WORK TO BE COMPLETED – No pictures go into the output, which should consist only of the lines from the first line of the data through the line with "in effetti adesso", copied exactly.

INFORMATION SUPPLIED –
════
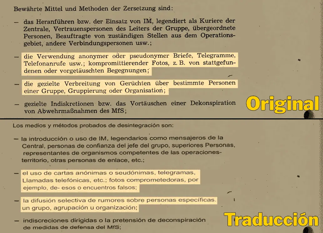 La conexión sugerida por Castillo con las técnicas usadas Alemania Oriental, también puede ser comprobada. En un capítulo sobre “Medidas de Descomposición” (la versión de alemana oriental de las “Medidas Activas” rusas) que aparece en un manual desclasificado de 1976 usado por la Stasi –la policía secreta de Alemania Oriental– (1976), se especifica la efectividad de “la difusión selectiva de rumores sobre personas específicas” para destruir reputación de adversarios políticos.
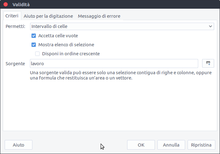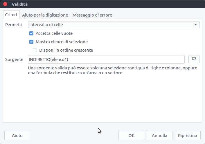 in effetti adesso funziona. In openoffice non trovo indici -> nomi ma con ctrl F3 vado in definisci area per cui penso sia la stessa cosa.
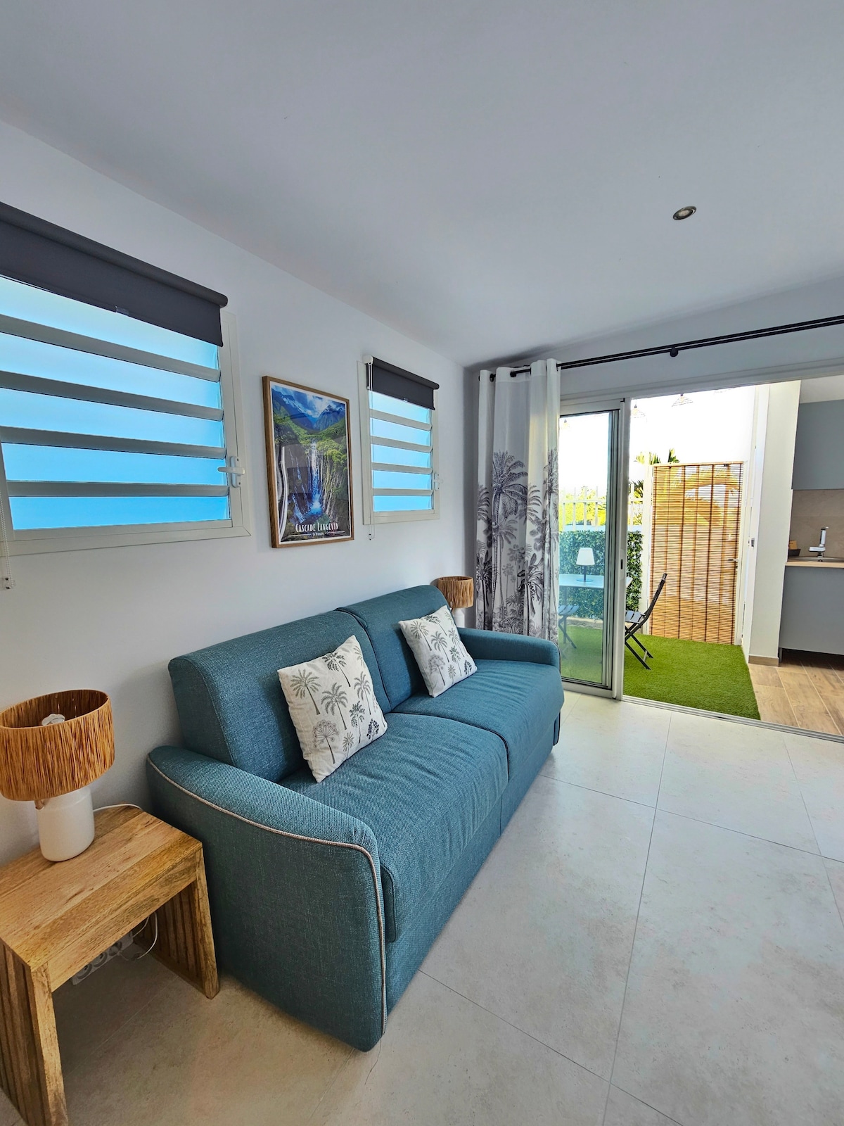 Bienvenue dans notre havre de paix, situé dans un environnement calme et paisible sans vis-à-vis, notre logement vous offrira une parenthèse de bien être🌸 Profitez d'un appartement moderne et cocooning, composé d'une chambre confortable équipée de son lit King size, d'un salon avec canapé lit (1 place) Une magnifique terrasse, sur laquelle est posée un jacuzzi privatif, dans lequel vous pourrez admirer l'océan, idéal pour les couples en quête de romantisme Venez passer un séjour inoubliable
════
YOUR RESPONSE –
 La conexión sugerida por Castillo con las técnicas usadas Alemania Oriental, también puede ser comprobada. En un capítulo sobre “Medidas de Descomposición” (la versión de alemana oriental de las “Medidas Activas” rusas) que aparece en un manual desclasificado de 1976 usado por la Stasi –la policía secreta de Alemania Oriental– (1976), se especifica la efectividad de “la difusión selectiva de rumores sobre personas específicas” para destruir reputación de adversarios políticos.
 in effetti adesso funziona. In openoffice non trovo indici -> nomi ma con ctrl F3 vado in definisci area per cui penso sia la stessa cosa.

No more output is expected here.